Despite Huang's playful claim that agents are “dogs that don't bark”, Chris Hay was quick to defend his earlier prediction that 2025 would be “the year of the super agent”. Hay argued that the underlying technology of advanced inference and expanded tool usage has indeed arrived, although it has been integrated into existing models such as ChatGPT Deep Research and Claude Code. He emphasized that today's agents are orchestrators rather than single specialized functions. Hay pointed out that current models “can think and plan much longer,” allowing multiple tools to be chained together to accomplish complex goals, such as generating an entire presentation from a single prompt. This shift moves beyond simple one-off tasks to autonomous workflows, redefining what a functional AI agent actually is in the commercial world.

Gabe Goodhart highlighted the year of breakthroughs for open source models, citing advances like KimiK2 Thinking that brought open performance parity closer to proprietary systems. This rapid convergence has shifted the primary friction points from model quality to the surrounding infrastructure and user experience. The open source community is great for individual components, but struggles with uniform packaging. Integrating disparate tools and models into a consistent user-facing product remains complex. Goodhart suggested that achieving the same level of user experience and enjoyment as closed systems is the next big hurdle to overcome before open source can truly dominate in all areas.

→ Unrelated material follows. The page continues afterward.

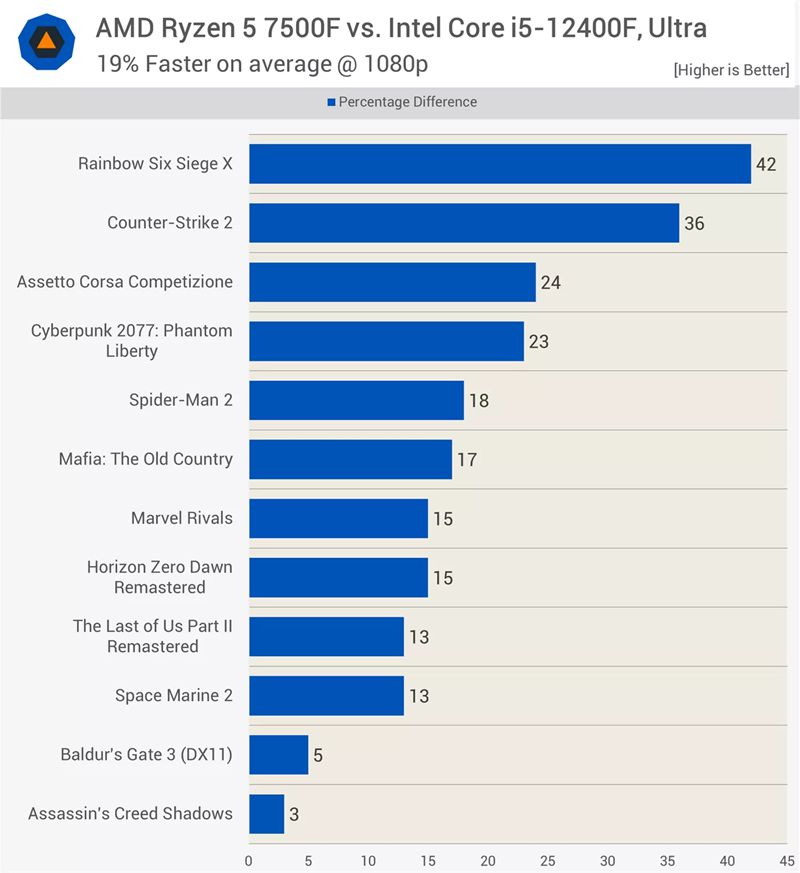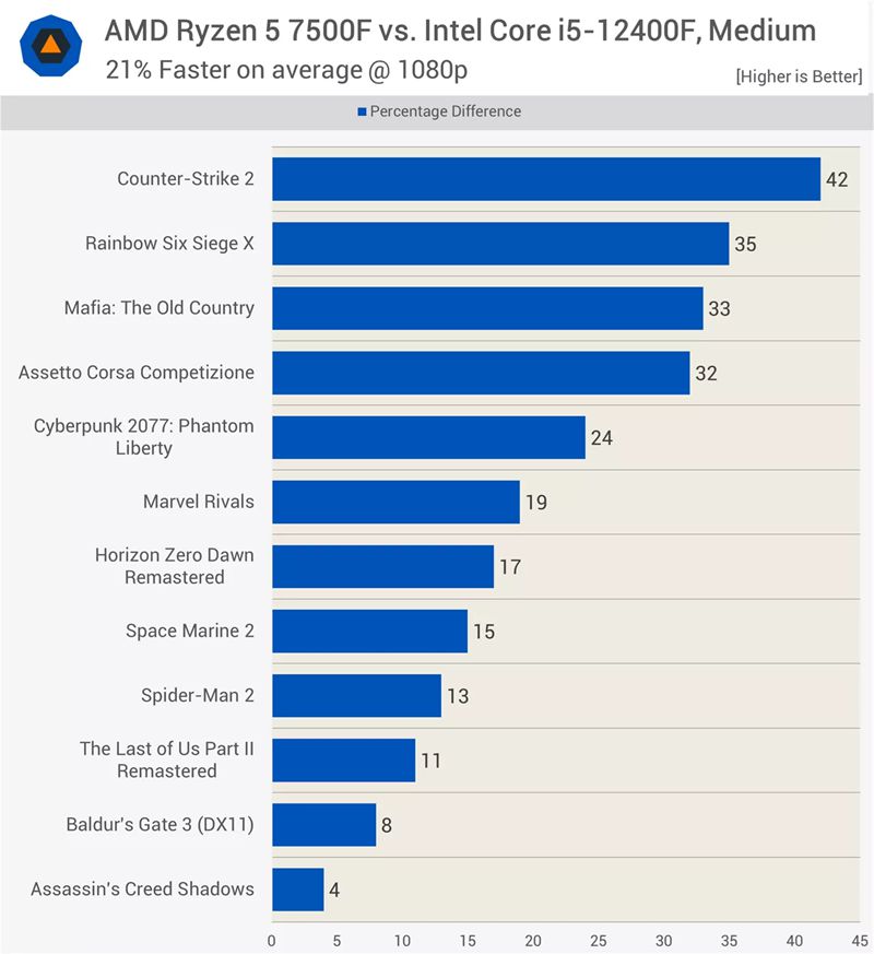 Biểu đồ sau so sánh hiệu năng giữa 12400F và 7500F trên cả 12 tựa game dựa trên biên độ hiệu năng riêng lẻ. Lợi thế lớn nhất của Ryzen 5 thuộc về Counter-Strike 2, tiếp theo là Rainbow Six Siege, cho thấy 7500F đặc biệt phù hợp với các tựa game thể thao điện tử. Chúng tôi cũng ghi nhận biên độ hiệu năng rất lớn trong Mafia: The Old Country.

The material reality of AI was a major theme, especially regarding the lack of high-end AI accelerators. Kaoutar El Maghraoui emphasized that by 2025, the lack of AI hardware will be firmly established as a “structural constraint” rather than a temporary bottleneck. This unprecedented demand is primarily driven by large-scale frontier model training, forcing the industry to bifurcate its focus on scale-up (large clusters such as NVIDIA H200/B200, AWS Trainium, etc.) and scale-out (efficient, small-scale models running locally or at the edge). El Maghraoui predicted that 2026 will be defined by the tension between “frontier model classes and efficient model classes,” noting the increasing possibility of running models with 1 billion to 5 billion parameters locally through techniques such as 4-bit quantization and specialized neural processing units (NPUs). Promoting this efficiency is essential. Because instead of relying solely on continued increases in computing power, where supply constraints remain, “the industry really needs to scale efficiencies.” This change is driving new hybrid architectures that combine elements such as transformers and state-space models (SSMs) to optimize both performance and energy consumption.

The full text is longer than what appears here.